Have tried to get to the point of just speaking to arrange access/stuff to do with DD, but then he whinges on about how I'm being 'distant and cold'. Of course I bloody am, if it wasn't for DD, I would never speak to him or see him again!

OP posts:
VinegarTits · 17/11/2008 10:23

He his spitting his dummy out, i would bet money on him not ever contacting a solicitor, was he very controlling in your relationship? he is losing control of you and is trying every trick in the book to manipulate you and gain back some control.

I agree, do not speak to his mother, carry on with what you are doing an ignore his empty threats, he sounds like a real mature, secure individual, not.

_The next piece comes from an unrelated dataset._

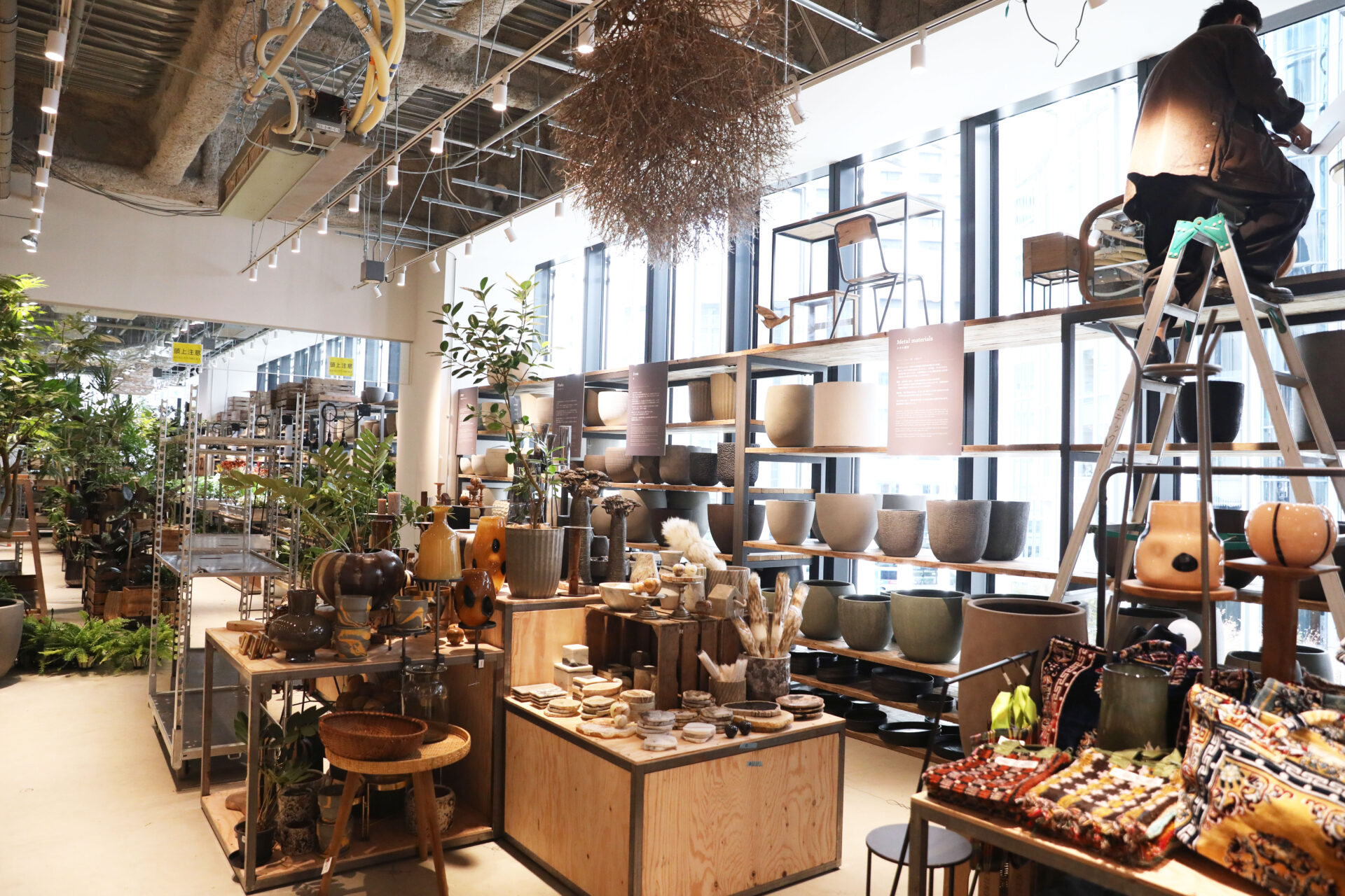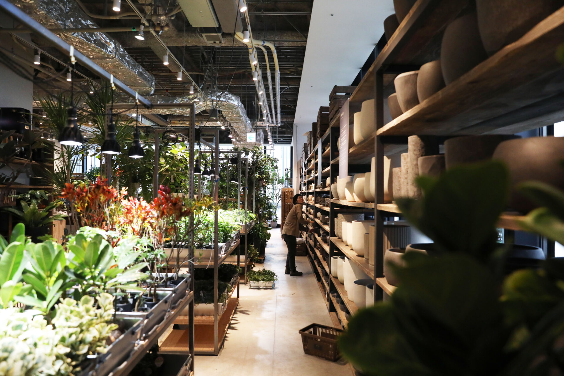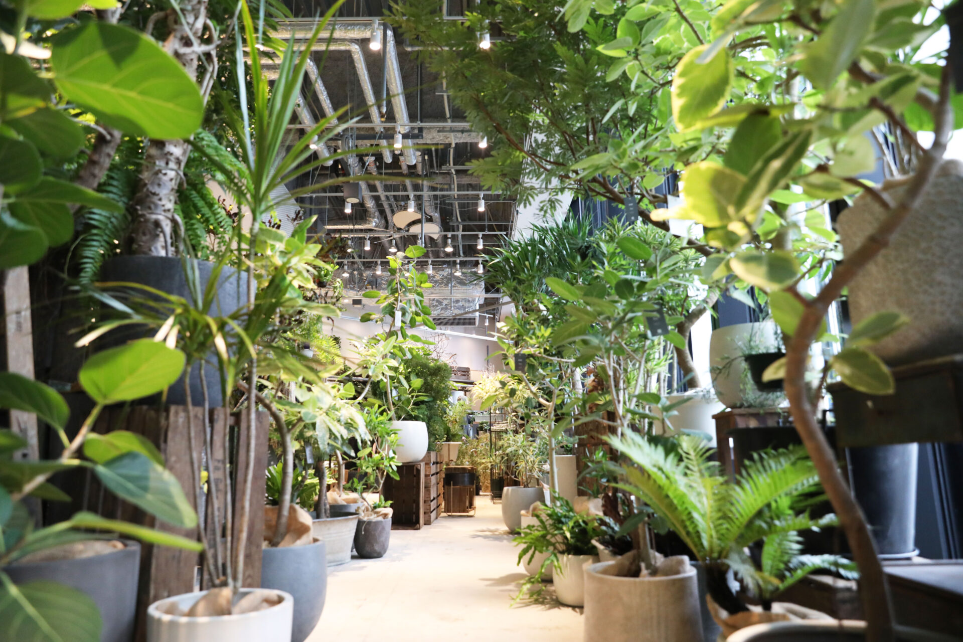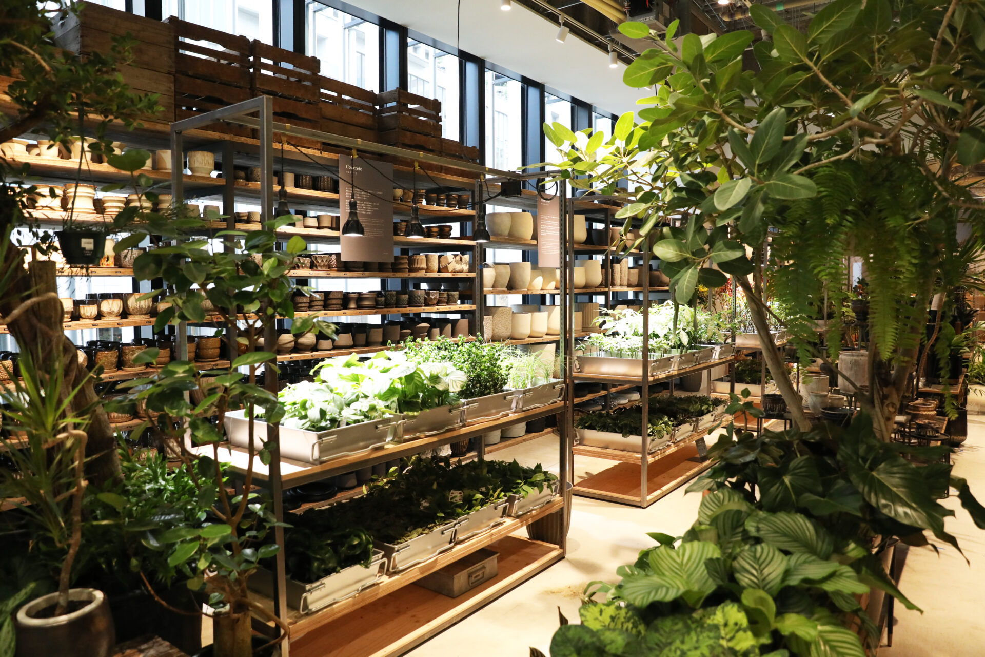 自然光がたっぷりと降り注ぐ大空間に、garageさんセレクトの個性豊かな植物や雑貨が所狭しと並びます。
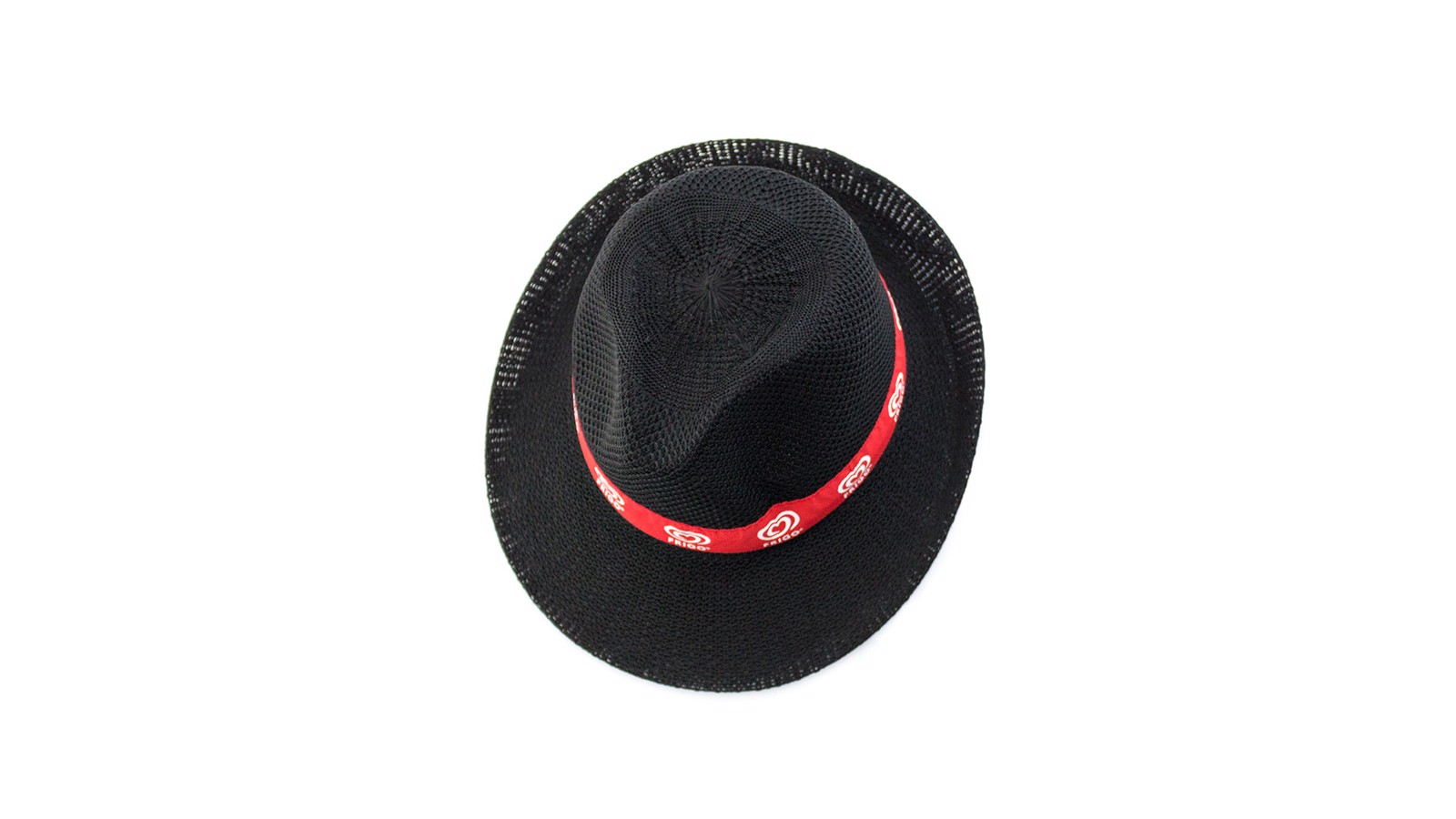 High-quality hat in soberly colored synthetic material with comfortable matching color inside ribbon.

estuaryfairy · 17/11/2008 10:37

No, he wasn't controlling at all, he was very laid back and had no issues with me earning more than him (before I was made redundant and had DD). He was always a drinker, but never a nasty drunk, just a sloppy, embarrassing one. It's from when we split that he started showing his nasty side.
Why is it that men want us to fall to pieces without them when a) we are responsible for looking after their children and b) they wouldn't be prepared to pick up the pieces if we did?

OP posts:
anastaisia · 17/11/2008 11:56

Could you have an arrangement with the childminder where he is welcome to call to check they're in and then collect her from there? Then the childminder (important if he's not reliable and might forget and let you go to collect her from CM) will send you a text to say ou DD has been picked up and you know to collect her from him.

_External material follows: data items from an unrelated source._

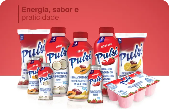 Na linha Pulsi, temos bebida láctea, feita para o consumidor que busca alternativas mais baratas para iogurtes.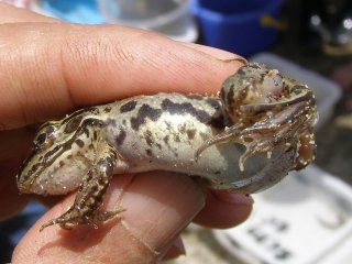 【中】ダルマガエルの足は短いです。ダルマガエルは愛知県では準絶滅危惧種です。(環境省では絶滅危惧U類となっています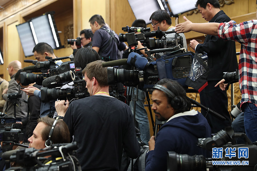 ??? 10月25日,黨的十九屆中央委員會(huì)第一次全體會(huì)議新選出的中央政治局常委將同中外記者見(jiàn)面。圖為中外記者在見(jiàn)面會(huì)現(xiàn)場(chǎng)進(jìn)行準(zhǔn)備工作。新華網(wǎng) 翟子赫 攝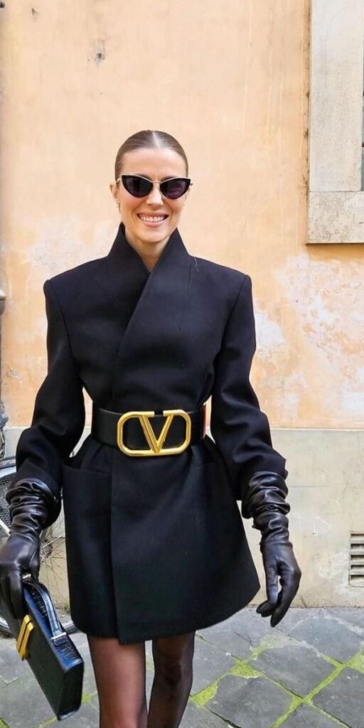 To achieve that authentic Glamoratti look, you have to move past the dainty, hidden belts of the past. This season is about making the accessories (and the shoulders!) the focal point. According to Natalie Dixon at Chic Style Collective: “a chunky belt is the simplest styling trick to make wide tailoring look intentional.” When you take an oversized, masculine-cut blazer and add a heavy belt, you create a sharp hourglass shape that demands attention.

That way you're not relying on him to be on time or anything, but you aren't 'stopping' him (in his view) from spending time with DD.

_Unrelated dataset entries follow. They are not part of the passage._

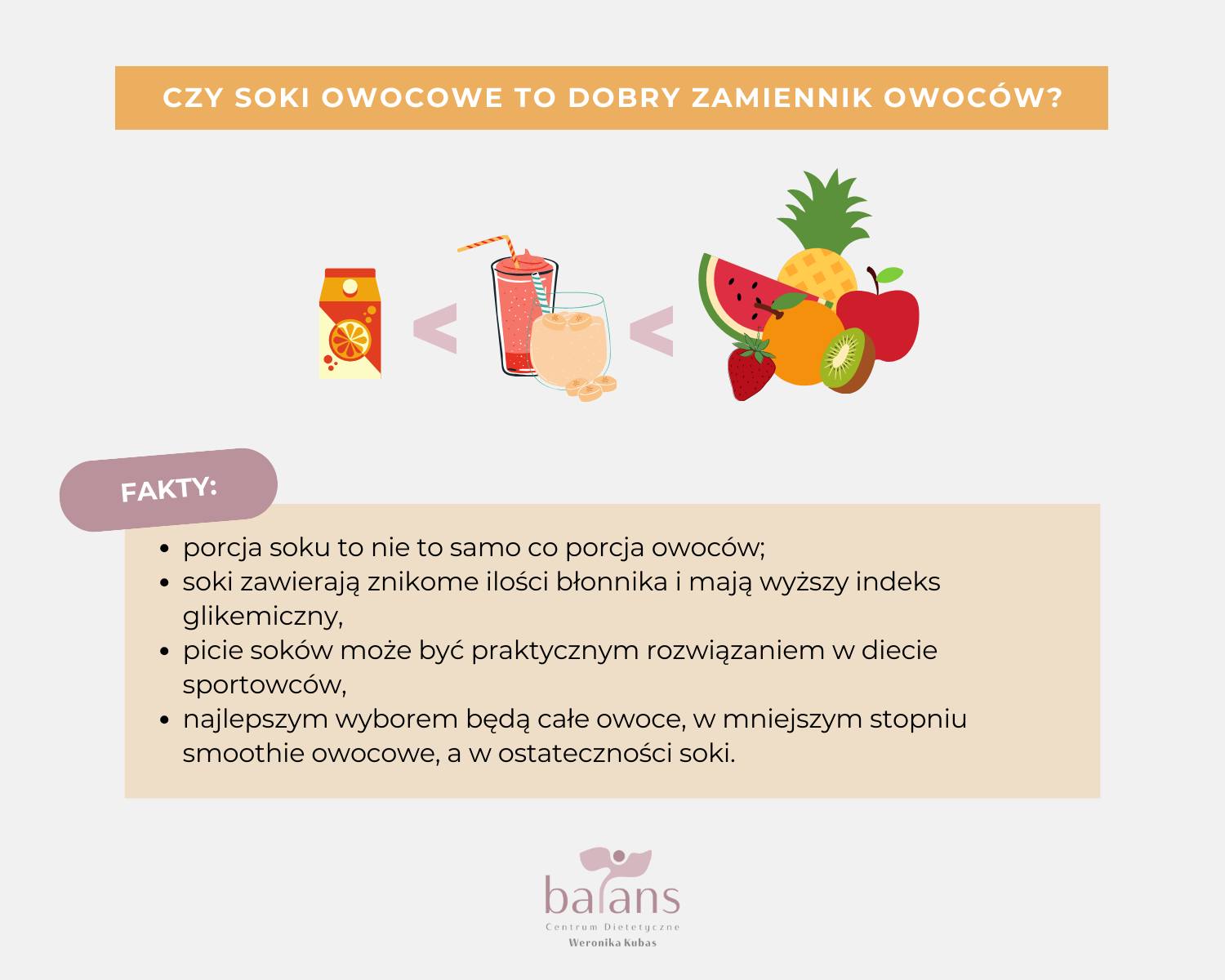 Nie można postawić znaku równości pomiędzy porcją owoców a porcją soku. Trzeba mieć świadomość, że sok zawiera dużo mniej błonnika (a może go wcale nie zawierać) oraz że jest dużo uboższy w witaminy w porównaniu do całych owoców.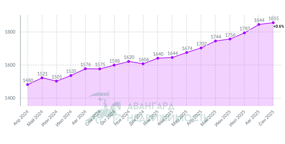 Сегмент 4-комнатных по-прежнему самый нестабильный. И вновь резкий рост сменился сильным падением цены. В сентябре квадратный метр стоил 1538$. Это на 13.6% меньше, чем в августе. В сравнении с сентябрем 2024 года цена квадрата в сегменте 4-комнатных квартир выросла на 251$ или +16.3%.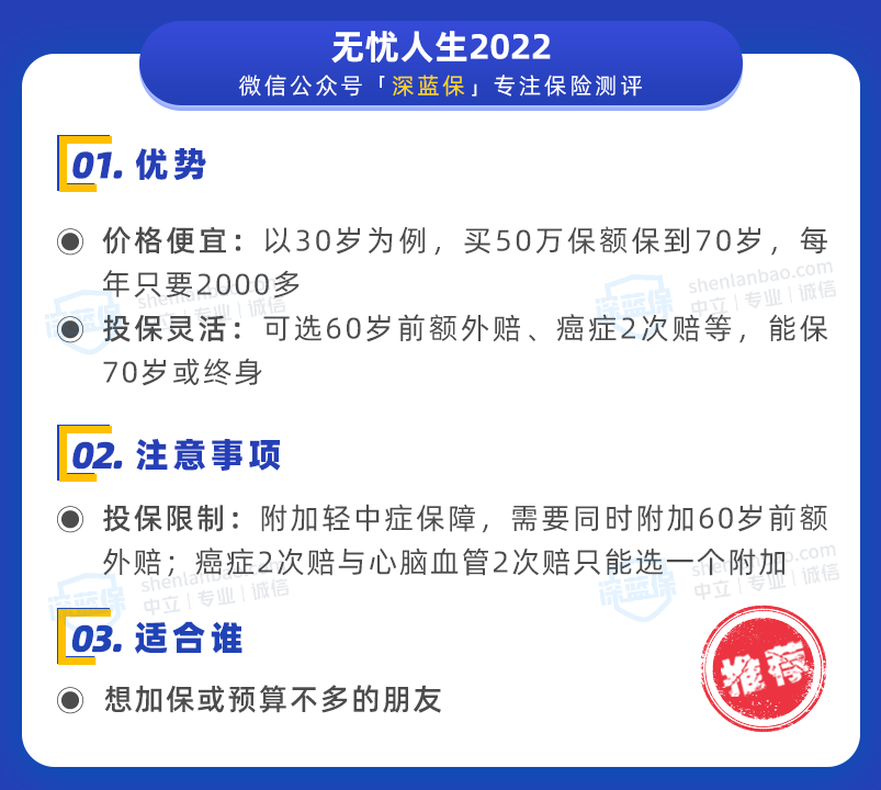 i 无忧 本身只有重疾保障,轻、中症保障需要自己附加,我们建议大家附加上,这样保障会全面一些。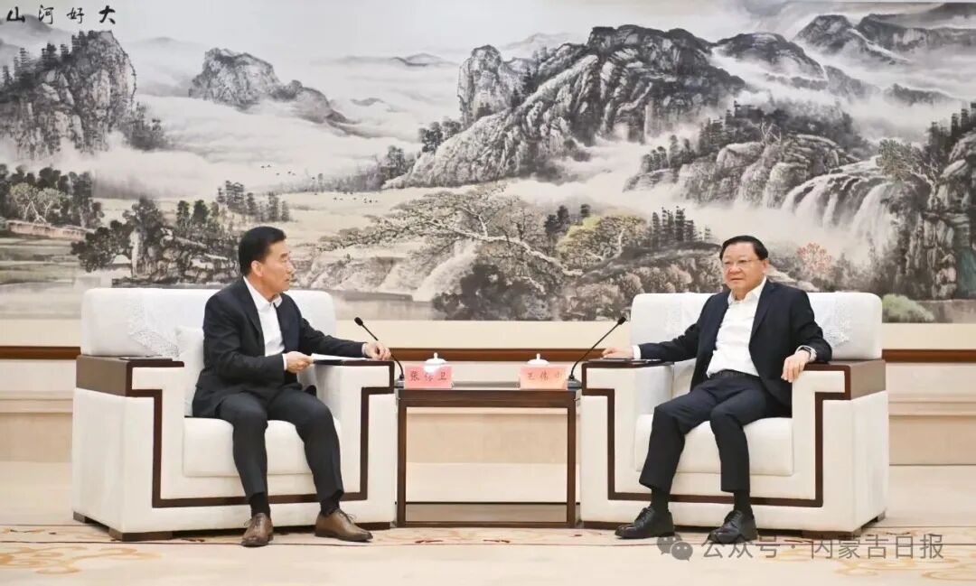 4月16日下午,自治區(qū)黨委書記、人大常委會(huì)主任王偉中在呼和浩特會(huì)見明陽(yáng)新能源投資控股集團(tuán)有限公司黨委書記、董事長(zhǎng)張傳衛(wèi)一行。草原云·內(nèi)蒙古新聞網(wǎng)記者

estuaryfairy · 17/11/2008 14:49

The days she'll be going to the CM aren't his access days, so he won't be missing out on seeing her. I've told him that I need reliable childcare and he isn't it, so she'll be going to the CM. I'm not against him picking her up from the CM and looking after her, but I can't afford for him to be my only childcare option because he will let me down.
I have spoken to him about his '50% custody' threat. He was under the impression that he would automatically get 3.5 days shared residency if he went part time . When I pointed out he'd have to hire and pay a solicitor, take me to court and was very unlikely to get it because DD is settled and happy as she is, he wasn't so adamant about it, stupid twat.

OP posts:
Lovesdogsandcats · 18/11/2008 09:49

Can I just say that I personally did have a word with ex's mother, who was more reasonable then expected. She is now on our 'side' as in me and dc, and she thinks her own son is a dick, so if she is a reasonable woman, why not/

Lovesdogsandcats · 18/11/2008 10:05

it is totally up to you what childcare arrangements you make in YOUR time! How bloody dare he try and tell you how you care for her!
As for shared custody, he wont get it

glitterfairy · 18/11/2008 10:31

Agree with custardo!

Dont tell him so much and make sure you keep contact with him to the bare minimum. Do not phone his mother, tempting but not a good idea. Absolutely write down every time he is late, fails to turn up or lets your dd down. If it ever comes to court it will make a difference.

You sound as though things are sorted and what you do and who looks after your dc in your time are your business.